Linda M.J. Kooijmans and coauthors present an evaluation of the implementation of carbonyl sulphide (COS) fluxes in the terrestrial biosphere model SiB4. One can say without exaggeration that the earlier SiB4 implementation of COS is the reference for all current biosphere models that include COS. Kooijmans et al. present a very thorough evaluation with excellent supplementary information that answered almost all questions that arose while reading the manuscript.

My comments are hence minor.

1. I would disagree with the recommendation 4.1. α is not the only reason that COS fluxes are underestimated at some sites. GPP is also underestimated at DK-Sor and AT-Neu. The seasonal shape of GPP is very different in the model at US-IB2 compared to the estimated GPP from observations. So fitting α seems like a fudge factor. I would not recommend this.

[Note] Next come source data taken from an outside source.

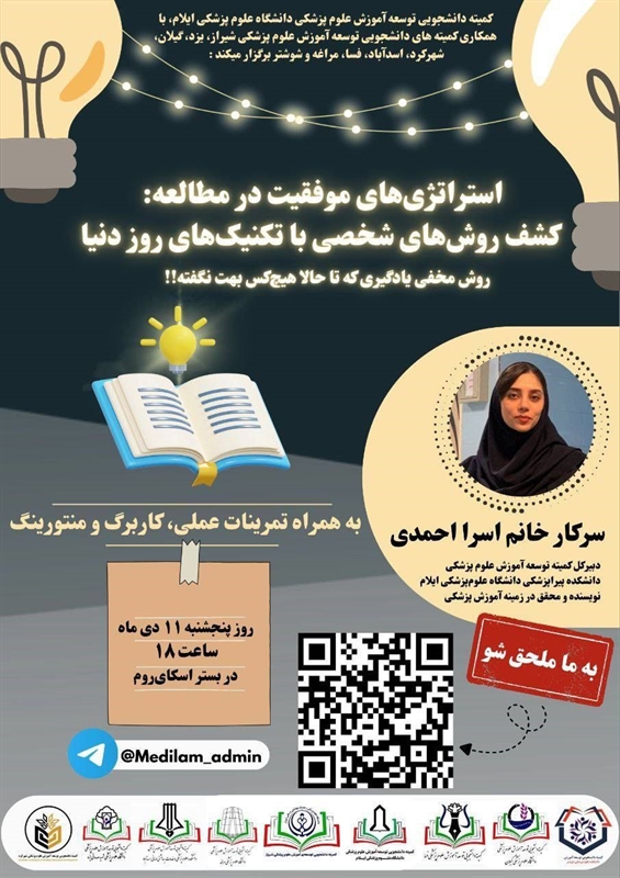 کارگاه آموزشی با عنوان " استراتژیهای موفقیت در مطالعه کشف روشهای شخصی یادگیری با استفاده از تکنیکهای روز دنیا" با توسط کمیته دا انشجویی توسعه آموزش علوم پزشکی دانشگاه علوم پزشکی ایلام، با همکاری کمیتههای دانشجویی توسعه آموزش علوم پزشکی دانشگاههای علوم پزشکی شیراز، یزد، گیلان، شهرکرد، اسدآباد، فسا، مراغه و شوشتر روز پنجشنبه ۱۱ دیماه ساعت18 در بستر اسکای روم برگزار گردید.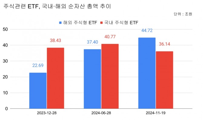 20일 글로벌이코노믹이 집계한 바에 따르면, 국내 ETF 중 해외 주식에 투자한 ETF의 순자산 규모는 지난 19일 기준 44조7241억원을 기록해 한국 주식 ETF 순자산(36조1373억원)을 압도적으로 넘어섰다.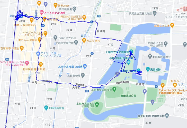 (高田城址公園周辺散策。 GPSロガーのログデータで実際に移動した場所の軌跡を表示)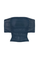 Arna Off Shoulder Mesh Crop Top - Midnight Blue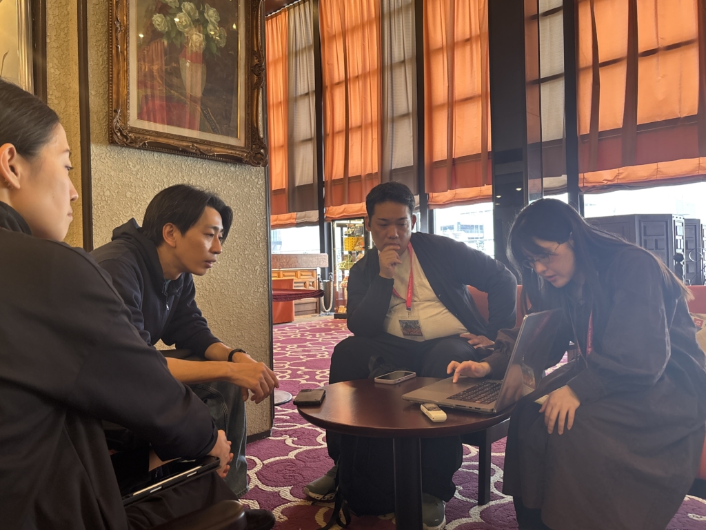 私にとってもう一つ印象的な出来事は、夜にロビーで集まって行った、その日の振り返りです。ちょうど片渕須直さんの講演会を聞き終わったあとに軽くお話ししようと、第2期採択作家の大前奨平さんと、NeW NeWコーディネーターの尾関さんと、夜21時から集まりました。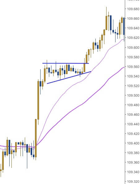 That means we only look for these patterns when the 20 EMA is above the 50 EMA, and the market is forming higher highs and higher lows.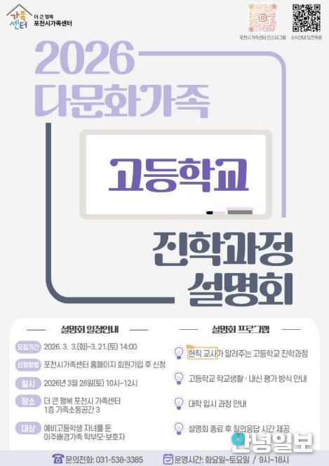 안녕일보 배윤 기자 | 포천시 직영 더 큰 행복 포천시가족센터가 오는 28일, '2026 다문화가족 고등학교 진학과정 설명회'를 개최한다.

2. I also regret the wording in recommendation 4.2. The minimum stomatal conductance is called g₀ in the manuscript. It is not explained how it is used in the model. Stomatal conductance most often depends on net assimilation in conductance formulations such as Ball-Berry and its variants. Net assimilation is negative during dawn and dusk. Is stomatal conductance then set to g₀? This is questionable. If I remember well, Ball et al. (1987) said that g₀ is simply the fitted intercept in the empirical formulation during daytime photosynthesis. It is not the nighttime value. If ever I would recommend to look into such formulations as in Barbour and Buckley (PCE 2007).

3. I was missing the explanation/discussion that the authors used reanalysis data to drive the model and not local observations. But especially the discussion of the underestimation of GPP and COS fluxes at DK-Sor literally screamed for it. Would it be possible to redo say SiB4_var_Ogee of Figure 2 using local meteo?

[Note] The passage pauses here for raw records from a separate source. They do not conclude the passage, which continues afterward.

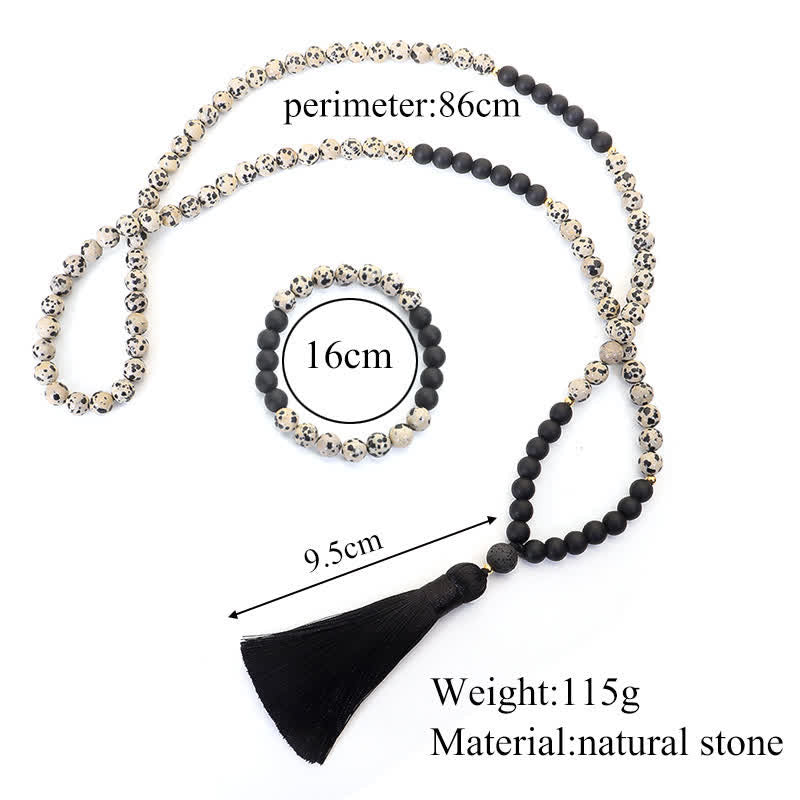 This mala comes as a bracelet with a wrist circumference of 5.9-7.5 inches (approx. 15-19 cm) and a necklace length of 33.9 inches (approx. 86 cm). Both are made with durable elastic string to comfortably fit most sizes.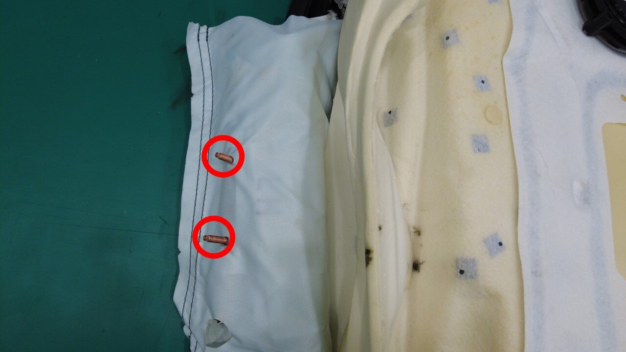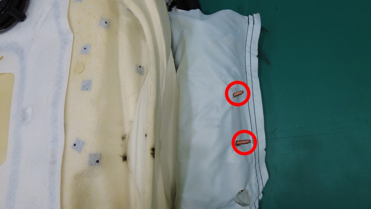 拆下并弃用将外侧气囊固定到座椅靠背框架的螺母(2 个),然后将气囊螺柱从座椅靠背框架中拉出。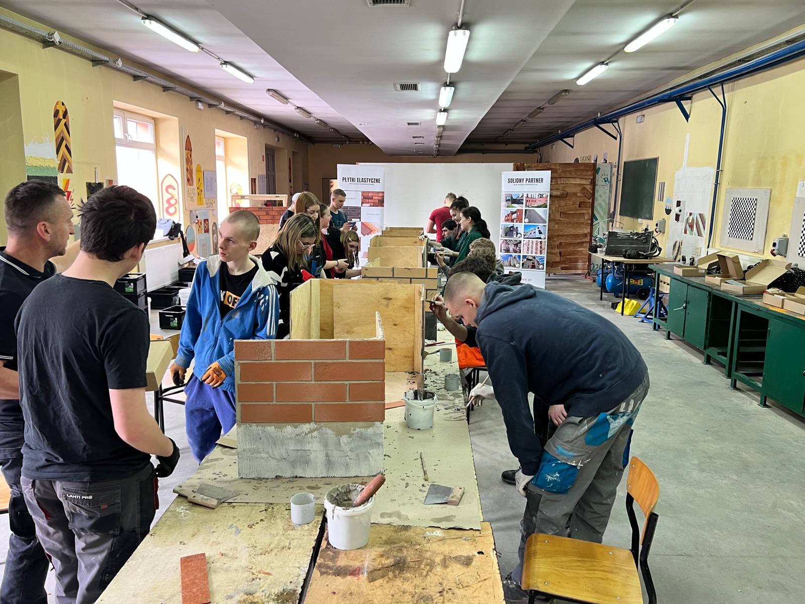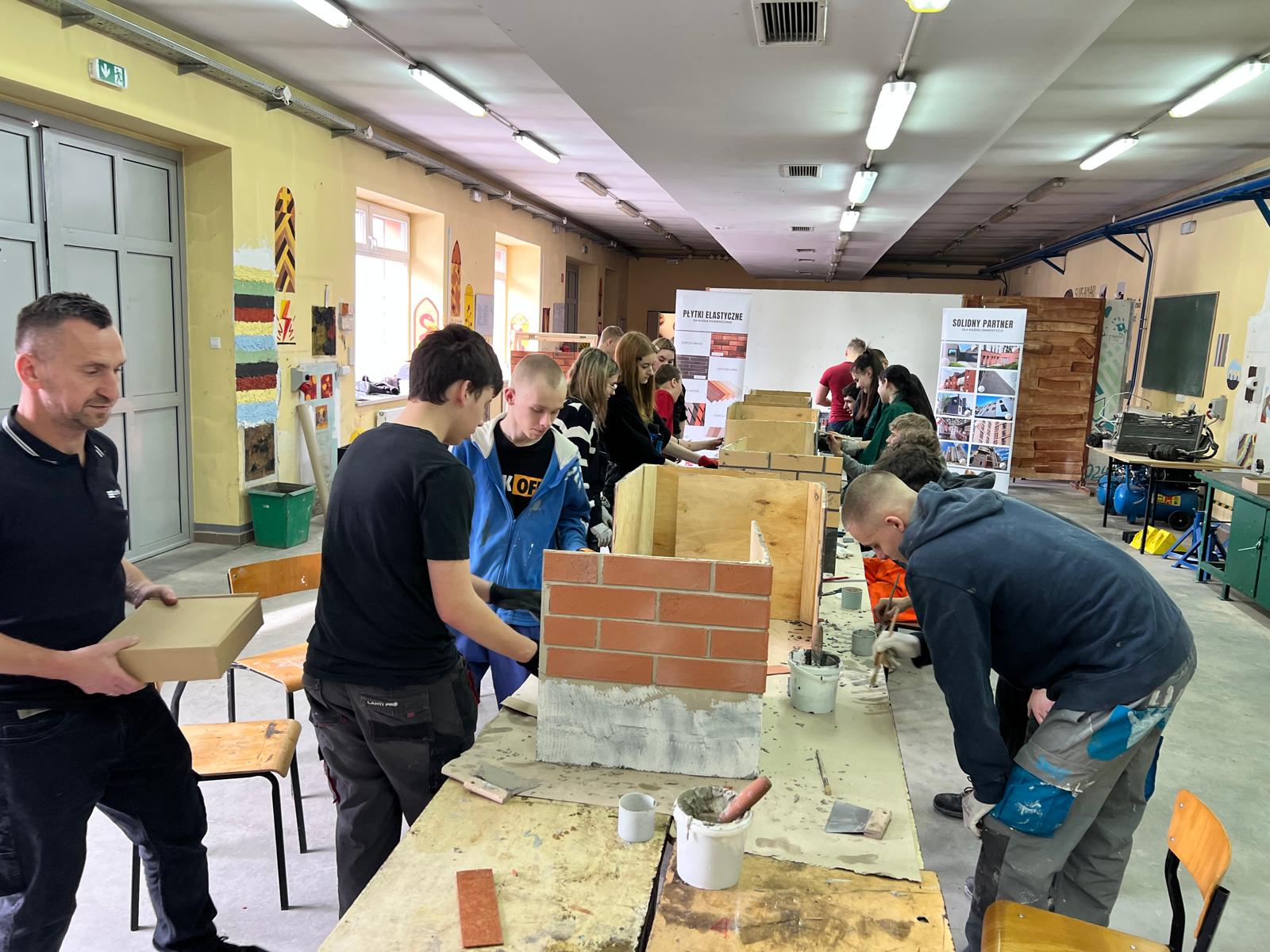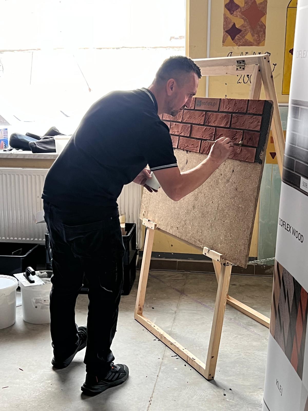 Druga część miała charakter warsztatowy. Pod okiem specjalistów młodzież samodzielnie ćwiczyła układanie płytek, dzięki czemu mogła sprawdzić, jak wygląda praca z nowoczesnym materiałem w praktyce.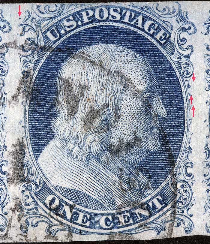 1¢ Franklin Issue of 1851-1857, PLATE 1 EARLY Position 97L1E Type II |

4. I would have loved to see the comparison of SiB4 output with the inverted fields of Ma et al. (2021).

5. I think that Figure 1 is redundant given Table 3 and I would remove it.

6. I found the notation V_max pretty unusual. I had to go back several times to Equations 2 and 3 to check the definition. I would recommend to use something like V_c,max25, which is pretty standard and tells the important information, i.e. it is for carboxylation and at 25 °C.

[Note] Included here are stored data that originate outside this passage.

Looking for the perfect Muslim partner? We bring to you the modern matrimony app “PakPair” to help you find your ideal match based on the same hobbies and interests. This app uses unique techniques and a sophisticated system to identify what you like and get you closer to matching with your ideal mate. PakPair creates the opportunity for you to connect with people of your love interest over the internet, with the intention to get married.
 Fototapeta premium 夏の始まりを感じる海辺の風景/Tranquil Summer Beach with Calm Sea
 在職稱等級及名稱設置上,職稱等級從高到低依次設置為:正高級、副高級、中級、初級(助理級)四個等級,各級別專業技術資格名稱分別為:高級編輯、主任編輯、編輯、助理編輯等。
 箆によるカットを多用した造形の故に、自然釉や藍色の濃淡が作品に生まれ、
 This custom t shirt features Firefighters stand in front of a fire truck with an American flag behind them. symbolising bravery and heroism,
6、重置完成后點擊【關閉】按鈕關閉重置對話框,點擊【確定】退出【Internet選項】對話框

The paper presents an update of the modelling of the carbonyl sulfide biosphere fluxes within the SiB4 model. The soil model of Ogée et al. (2016) is implemented and a spatially and temporally varying COS atmospheric concentration is considered. This latter modification is shown to have a large impact. The new models are evaluated against field observations and a revised budget for COS is given at global scale, reducing the missing source. The authors make valuable recommendations, with a fine study on the alpha parameter of the COS vegetation uptake model.

The paper is well built and well written, with clear figures, and represents an important new contribution to this research field linking COS uptake and GPP.

I have only minor comments and some requests for clarification.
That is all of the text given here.